In the early 1900s, Mongolia became a communist country, and a lot of religious traditions, and the Buddhist tradition specifically, were destroyed. Monasteries were demolished, and many monks were killed or driven out into freezing weather to their deaths. Buddhism was not allowed to be openly practiced for many, many years. But in that time, Mongolia’s various shamanistic traditions were allowed to continue. For example, there are cairns all over the country, where people pile up rocks in high places. High places are seen as the spaces that are closest to the sky god, Tengri. It wouldn’t be unusual for people to go to these shamanistic places where rocks are piled and yet to use Buddhist prayer flags and scarves and intertwine them in these rock formations. I think that’s a great metaphor for the ways in which Buddhism and the shamanistic traditions of old have been woven together. In many ways, the two are very intertwined.

For a long time, because of the Soviet influence in the region, there weren’t many reincarnations found in Mongolia. In fact, one of the last incarnations found there, the Jebtsundamba, actually fled Mongolia and lived in secret and only returned in the late 1990s. In the novel, the search party interviews three potential tulkus, and none of them comes from a Buddhist tradition. In writing the book, I wanted to show the broadness of the landscape and the diversity of cultures and traditions, so I did take some poetic license in thinking about who might be a reincarnation, particularly in a country in which the Buddhist tradition is coming back. 
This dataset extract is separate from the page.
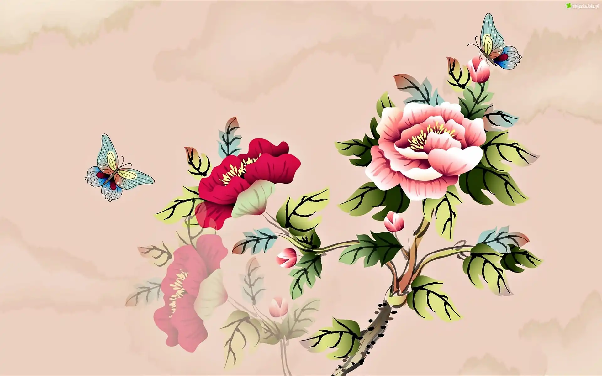 Zdjęcie Artystyczna, Grafika, Róże, Motyle, 2D

On monasticism and modernity

There are two twins in the book. One of them, Chuluun, is a novitiate in the Tibetan Buddhist tradition who will be taking his final vows a few months after the book opens. He has an identical brother named Mun. As a child, Mun was discovered to be a reincarnation, but he has since renounced his vows and is now living a secular life in the capital of Mongolia. When I traveled in Mongolia and in other places as well, like Dharamsala and Sikkim, the first thing that I was really struck by was the impact of modernization. I think many of us in the West have preconceived notions that monks, particularly Tibetan monks, are all living in caves somewhere where they are deep in meditation and not engaged with the modern world. Very quickly, I saw that that wasn’t true—in fact, there are ways in which they’re very modern. I learned in Bhutan that there were quite a few monks who were on Facebook, and they very much enjoy talking to other monks in other countries. There’s a detail in the book about a monk who walks around the particular grounds of his monastery singing the theme song to Titanic. That was based on something I observed. In the novel, the twins embody the tensions between a more traditional path and a more modern, 21st-century path. Over the course of the novel, both of them go on spiritual journeys and undergo some sort of transformation. It was important to me that in some ways, they are the yin and yang, and yet they have more in common than they both realize. In the end, maybe their approaches to monasticism and modernization are two sides of the same coin—they’re both maintaining their inner spiritual journeys but doing it in different ways.